Pour cette première semaine passée ensemble autour du "Goût des images", les élèves de la classe me font part de leur enthousiasme à participer à la fabrication d'un film. J'ai très peur, je n'ai jamais travaillé avec des enfants et je ne sais pas si mes histoires et ma pratique vont les intéresser.
Lundi après-midi, je montre, un peu gauche, différents outils de travail : appareils photos, caméras, projecteurs, bobines. Nous discutons de cinéma argentique, de pellicule, de vidéo numérique et de comment raconter des histoires.
Puis nous nous lançons dans la fabrication de sténopés : dispositif proche de la chambre noire permettant d'obtenir des images photographiques. Nous y croyons fort à cette possibilité de créer des appareils photo avec des boites à chaussures. Malheureusement, le résultat n'est pas tout de suite au rendez-vous.
C'est difficile, tout est noir au début. Nous cherchons ensemble, quel pourrait être notre problème.
Les enfants font preuve d'une grande patience et d'une persévérance hors pair. Personne ne veut sortir en récréation avant qu'on ait trouvé comment faire fonctionner nos chambres noires bricolées.
Jeudi, de nouvelles perspectives s'ouvrent, les images commencent peu à peu à apparaître.
Vendredi, tout le monde a pu expérimenter le sténopé. Ça marche ! les CM2 sont parfaitement autonomes. Ils et elles savent construire les sténopés, prendre la photo, la développer en négatif puis tirer un positif. De nos étranges images, nous pouvons commencer à nous raconter des histoires...

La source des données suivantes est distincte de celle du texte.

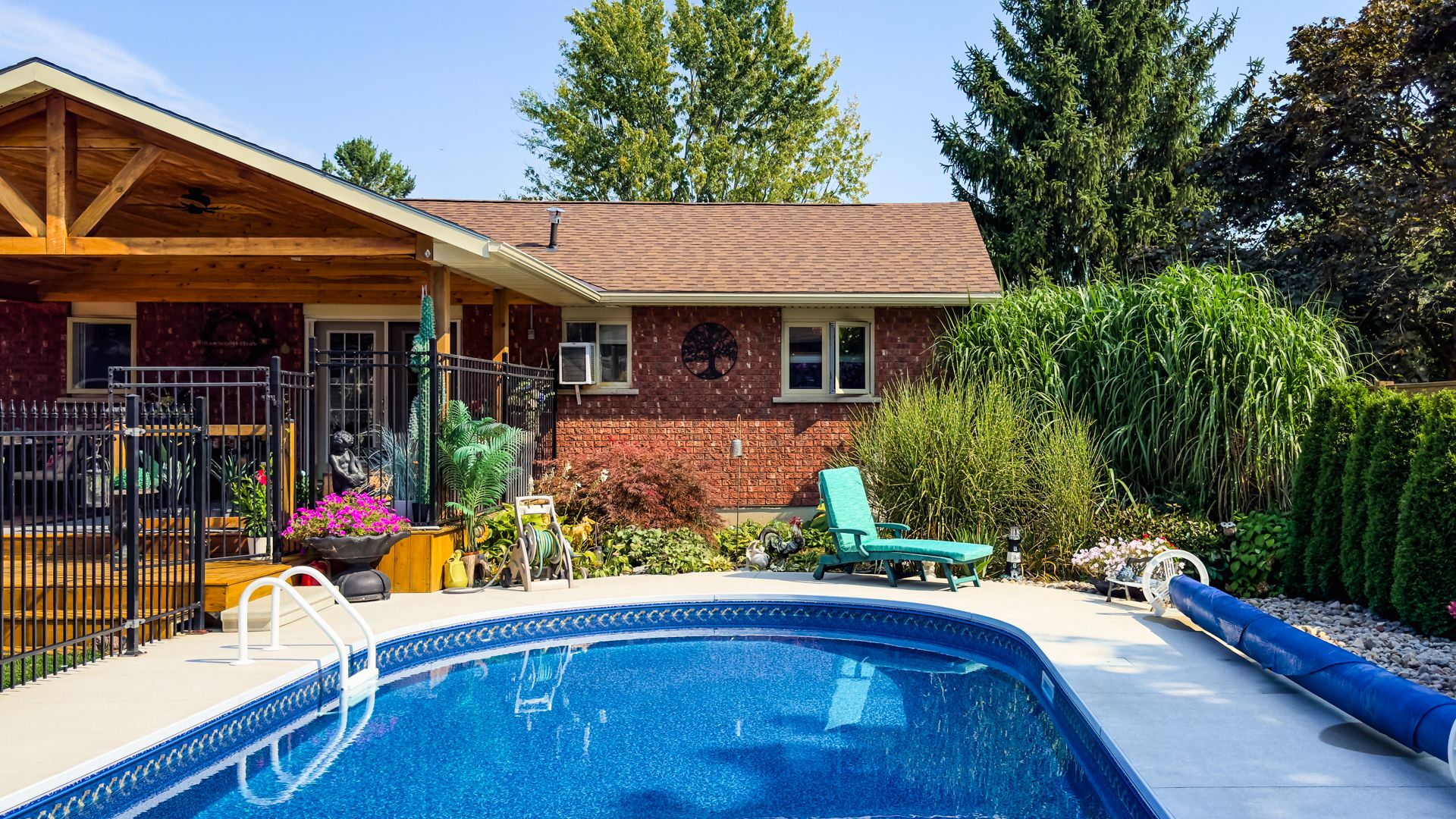 • Private outdoor oasis with heated saltwater pool for summer enjoyment.
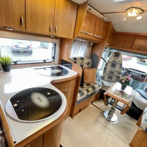 Auton takaosassa on pitkittäinen parivuode ja pesuhuone/ WC erillisellä suihkunurkkauksella. Etuosasta löytyy ison kattoluukun ansiosta valoisa pöytäryhmä, jonka ympärille mahtuu 5 henkeä ruokailemaan ja iltaa istumaan. Keskellä autoa sijaitsevan keittiön varustuksen kruunaa ison jääkaappi- pakastimen ja kaasu- uunin muodostama torni.

Des récits naissent. Une image + une image + une image = un storyboard ? Nous découvrons qu'entre nos différentes images, ce qui change c'est la place de notre regard. De nouvelles questions apparaissent quant à la fabrication de notre séquence.
Quelle place aura Victor dans notre film ? Mais au fait, qui est Victor ?
Regarder un film comme le défilement de milliers de photographies.
Chaque image, singulière et précieuse, au service d'une histoire.
Les élèves se racontent leurs doutes :
"Grégoire :
Cette fois ci, tu crois que ça va marcher ?
Maëlis :
- Non, je crois pas, chez les autres ça n'a pas marché non plus."
Une grande attention au confinement total du papier dans la boite ainsi qu'à l'immobilité de l'appareil doit être observée. Le sténopé, pratique qui semble simple au départ, se révèle bien rigoureuse avec des protocoles stricts pour obtenir le Graal de nos images imaginaires.
Une photographie prise par Aurélie Mignotte.
J'installe un laboratoire de tirage photographique dans une petite pièce - cagibi attenante à notre salle de travail. Les bacs et l'agrandisseur côtoient les cerceaux, les ballons et les agréés de gymnastique.
Zoé :
"C'est super de voir apparaître les images. C'est un peu comme si c'était magique"
Tout le monde se laisse charmer par l'effet du révélateur. Les images montent sur le papier et chacun-e peut rêver à une réalité en deux dimensions, extraite du monde.